The SP-CoT method demonstrates:

  • A significant performance advantage on large-scale models (175B parameters), showcasing enhancements over prior CoT methodologies.
  • Almost doubling the zero-shot performance on smaller-scale models (13B parameters), confirming its broad applicability and efficiency.
  • Remarkable capabilities in eliciting precise and clear intermediate reasoning steps, showing a recall of ∼50% for intermediate answers on the MuSiQue-Ans dataset.

Implications and Future Directions

Theoretical Implications: The strong performance across varying scales of LLMs—both large and small—suggests that the automated generation and adaptive CoT sampling methods can generalize well and are not strictly bound by model size. This holds promise for scalable improvements in other complex reasoning tasks beyond question-answering.
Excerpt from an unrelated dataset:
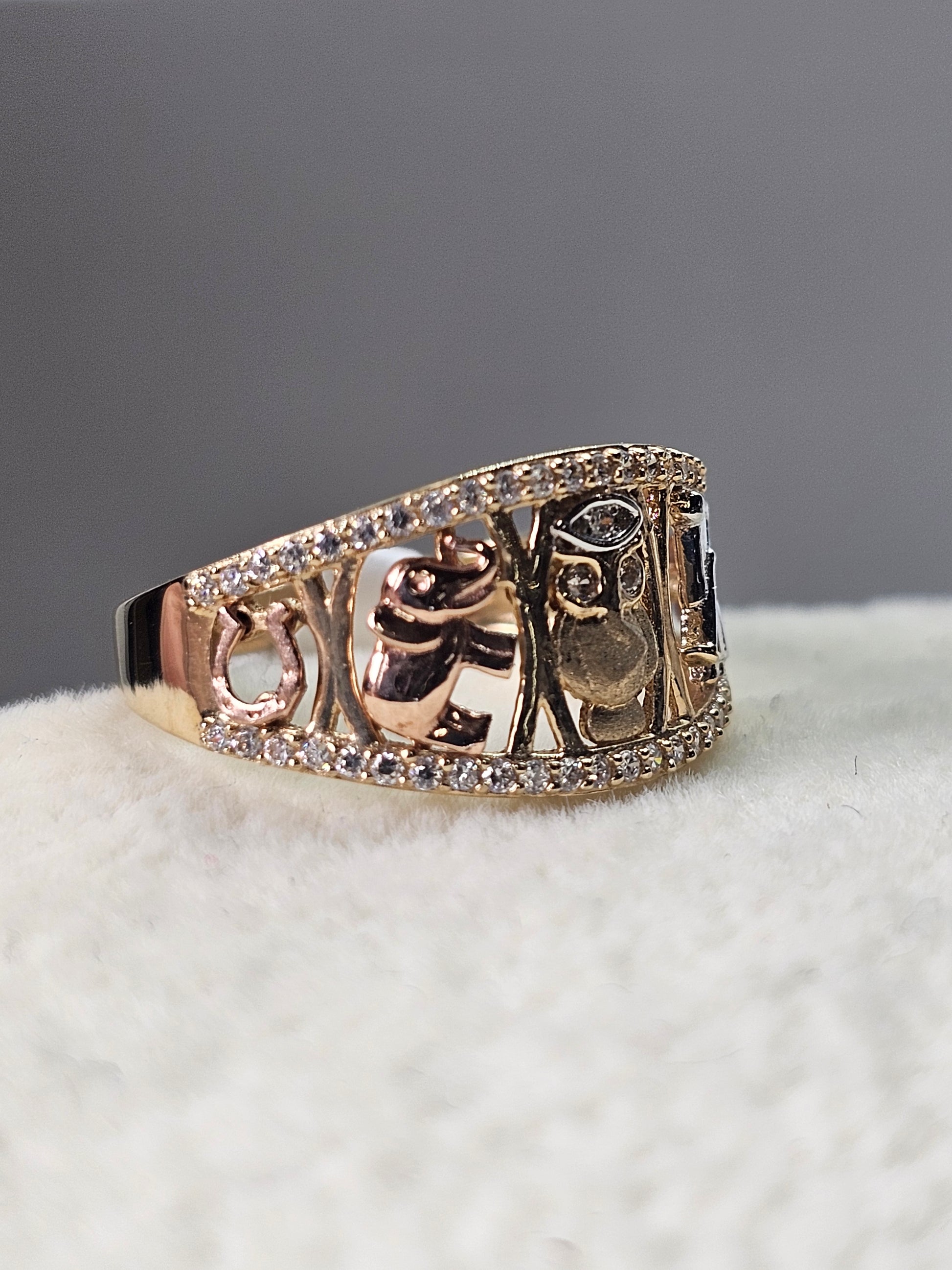 Crafted with the finest 14k gold, the Anillo de la suerte is a symbol of good fortune and luck. This elegant ring is sure to elevate any outfit and bring positive energy to the wearer. Solidify your style and increase your luck with the Anillo de la suerte.

Practical Implications: In real-world applications, particularly those involving automated reasoning and analytics, the ability to generate and rely on high-quality self-structured datasets can reduce the dependency on extensive manually curated training data. This can lead to more generalizable AI systems capable of robust reasoning and decision-making across open domains.
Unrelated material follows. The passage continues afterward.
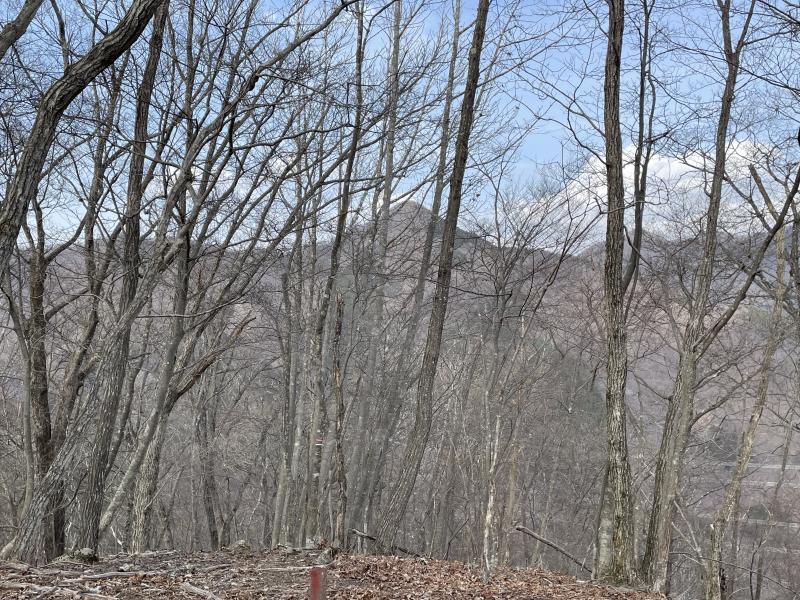 笹子川の源流を周回するバリエーション5回目(8名)に、正式に会員として参加させて頂いた。出発前にリーダーからルートの説明があり、唐突にもトップを託される。驚きと嬉しさ、光栄であると同時に責任を痛感する。笹子トンネル南口の新田集落(702m)を基点に南東尾根を登り笹子鴈ヶ原摺山(1358m)を目指す。この後は稜線を西進、笹子峠を経由して中尾根ノ頭(1278m)へ、さらに300mほど先の下降点から中尾根を下山する計画。先ずは山に取り付くスタート地点の決定が難しく、リーダーに助言を求める。尾根に乗ってからの方位は明解だったが、急傾斜の岩場に対するルートファインディングに苦慮する。下降点は右手の岩崖が顕著な目印で直ぐに特定できた。下山は1093m点と送電線がチェックポイントだが、現在位置の把握を完全に間違えた。何とか計画通りに下山できたが自己採点は50点。まだまだ未熟だ。写真は1093m点から見た笹子鴈ヶ原摺山、右のスカイラインが南東尾根で急峻さが分かる。 TX新田集落06:50~笹子峠11:40 4+50

Future Research: The techniques introduced could inspire further research in several avenues:

  • Enhanced Instruction-Following: Exploring the boundaries of instruction-following capabilities in LLMs and how different self-prompting mechanisms can be optimized for diverse downstream applications.
  • Refinement Through Feedback Loops: Incorporating mechanisms for real-time feedback and correction, which can iteratively improve the quality of generated CoTs.
  • Cross-Domain Applications: Extending the use of SP-CoT to domains requiring complex, multi-modal reasoning such as legal analysis, scientific research, and strategic gaming AIs.

Conclusion

The approach introduced by Wang et al. for LLMs in the context of open-domain multi-hop reasoning and the subsequent development of SP-CoT presents a significant advance in solving complex Q&A tasks. The method’s automated generation and efficient prompting framework, paired with large-scale evaluation, provide a solid foundation for future explorations in enhancing LLMs' reasoning capabilities. By unlocking higher reasoning potential through self-prompted automation, the research paves the way for robust and scalable AI solutions in diverse fields.